**INSTRUCTIONS TO FOLLOW**: Nothing but the lines from the one with "Мешок небольшой, мне" through the last line of the entries below should appear in the copy, please, and no pictures.

Stored dataset items
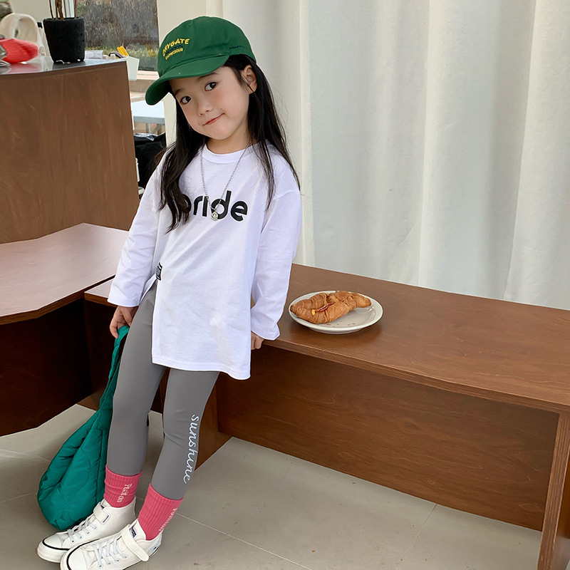 여자 바닥 셔츠 봄과 가을 2025 새로운 어린이 유행 슬릿 티셔츠 어린 소녀 아기 봄 긴팔 티셔츠스토어 가기
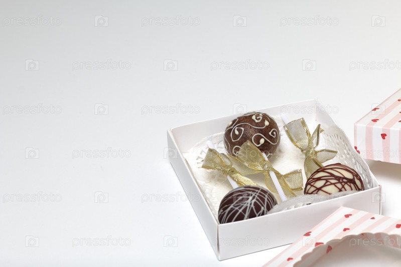 Кейк-попсы, украшенные бантом из тесьмы, упакованы в подарочную коробку
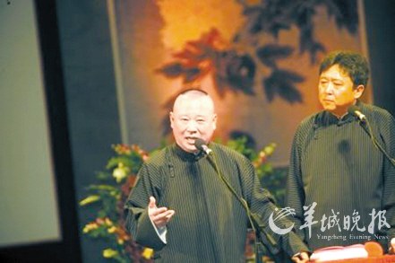 郭德綱在弟子打傷記者事件爆發(fā)后,消失了十多天,本月14日晚終于在北京公開亮相!肮戮V·于謙合作十周年相聲專場”系列演出當晚在北京北展劇場舉行,郭德綱率德云社弟子岳云鵬、孔云龍等輪番上場。14日、16日兩場演出,4800個座位全部爆滿。郭德綱接受記者訪問時表示,自己不會退出娛樂圈,德云社也不會關門。
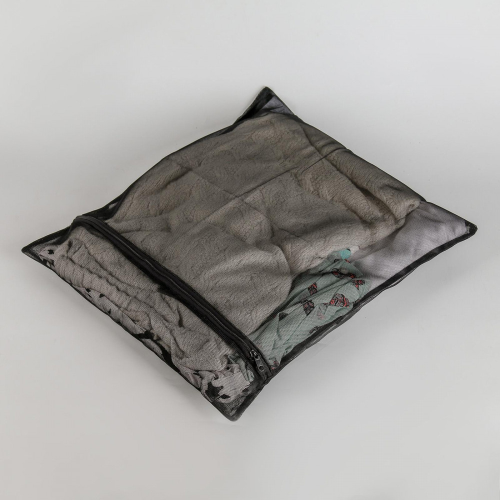 Мешок небольшой, мне размер подходит, туда поместится один тонкий вязаный свитер, или пара тонких кофточек и т.д. Качество хорошее, не расстегнулся при стирке, быстро сохнет. Рекомендую к покупке.
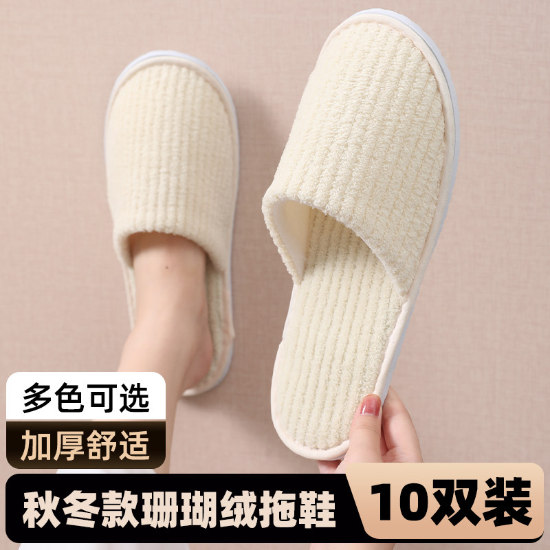 酒店一次性拖鞋 珊瑚绒加厚防滑家用待客旅游高档宾馆民宿秋冬专用
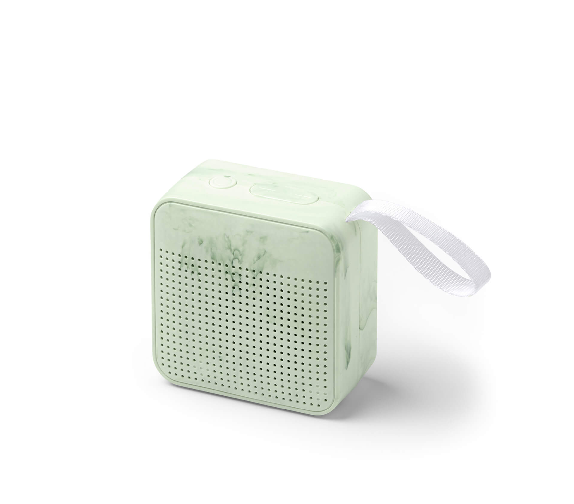 Cassa wireless da 3W realizzata con tappi di bottiglia riciclati. Dotata di maniglia in poliestere RPET e cavo Type-C incluso. Confezionata in scatola dal design ecologico.

**EXPECTED ANSWER**:
 Мешок небольшой, мне размер подходит, туда поместится один тонкий вязаный свитер, или пара тонких кофточек и т.д. Качество хорошее, не расстегнулся при стирке, быстро сохнет. Рекомендую к покупке.
 酒店一次性拖鞋 珊瑚绒加厚防滑家用待客旅游高档宾馆民宿秋冬专用
 Cassa wireless da 3W realizzata con tappi di bottiglia riciclati. Dotata di maniglia in poliestere RPET e cavo Type-C incluso. Confezionata in scatola dal design ecologico.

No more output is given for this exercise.